» **RECORDS FOR THIS EXERCISE**
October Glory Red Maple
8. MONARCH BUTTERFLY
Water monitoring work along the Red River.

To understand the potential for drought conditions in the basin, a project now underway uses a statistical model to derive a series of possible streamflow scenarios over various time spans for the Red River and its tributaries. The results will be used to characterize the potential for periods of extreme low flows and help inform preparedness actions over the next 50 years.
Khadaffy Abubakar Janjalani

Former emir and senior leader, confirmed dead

--

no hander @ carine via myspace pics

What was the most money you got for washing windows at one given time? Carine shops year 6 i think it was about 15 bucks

» **WHAT THIS TASK INVOLVES**
Output the material above exactly, but only from the line that carries "no hander @ carine via myspace pics" through the line that carries "What was the".

» **TASK ANSWER**
no hander @ carine via myspace pics

What was the most money you got for washing windows at one given time? Carine shops year 6 i think it was about 15 bucks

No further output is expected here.